Let be $ \theta: R^n \rightarrow R $ a concave function differentiable at $w$. $ d $ is a ascent direction of $ \theta $ i.e. exists $ \delta > 0 $ such that \begin{equation} \theta(w+\lambda d) > \theta(w) \quad \forall \lambda \in (0.\delta) \end{equation}
if and only if $ (\nabla\theta(w))^t d > 0 $
This is my try.
As $ \theta $ is differentiable at $ w $ then $$ \theta(w+\lambda d) = \theta(w) + (\nabla\theta(w))^t (\lambda d) + r(\lambda d) $$
where $ \lim_{\lambda \rightarrow 0 } \frac{r(\lambda d)}{|\lambda|} = 0 $
As $ \theta(w+\lambda d) > \theta(w) $ then $$ (\nabla\theta(w))^t (\lambda d) + r(\lambda d) > 0 $$
As $ \lambda \in (0,\delta) $ we can divide by $ \lambda $ the last expression $$ (\nabla\theta(w))^t d + \frac{r(\lambda d)}{\lambda} > 0 $$
Making $ \lambda \downarrow 0 $ we hace $$ (\nabla\theta(w))^t d \geq 0 $$
As you can see I have the option $ (\nabla\theta(w))^t d = 0 $. How can I prove that $ (\nabla\theta(w))^t d > 0 $?
You haven't used concavity yet. Concavity implies that $$\theta(w+\lambda d)-\theta(w)\le (\nabla \theta(w))^t \lambda d \tag{1}$$ (Geometrically, the graph of function lies below its tangent plane).
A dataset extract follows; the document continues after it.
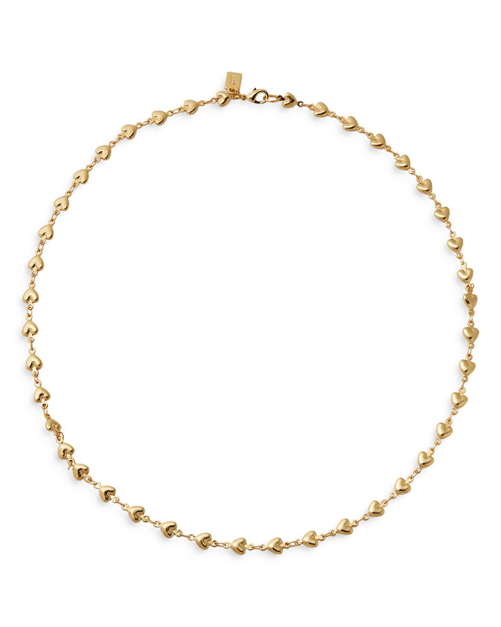 This Habibi Heart Chain Necklace by Crystal Haze is a modern take on timeless romance. Featuring a bold heart charm on a sleek chain, its 18.5-inch length makes it ideal for layering or wearing solo. The gold-plated finish adds a luxurious touch to this contemporary piece.

Since the left hand side of (1) is positive for some $\lambda>0$, the conclusion $(\nabla \theta(w))^t d>0$ follows.
By the way, this is essentially a one-dimensional problem: you could consider the function $\psi(\lambda)=\theta(w+\lambda d)$, which is concave, and argue as above that $\psi'(0)>0$.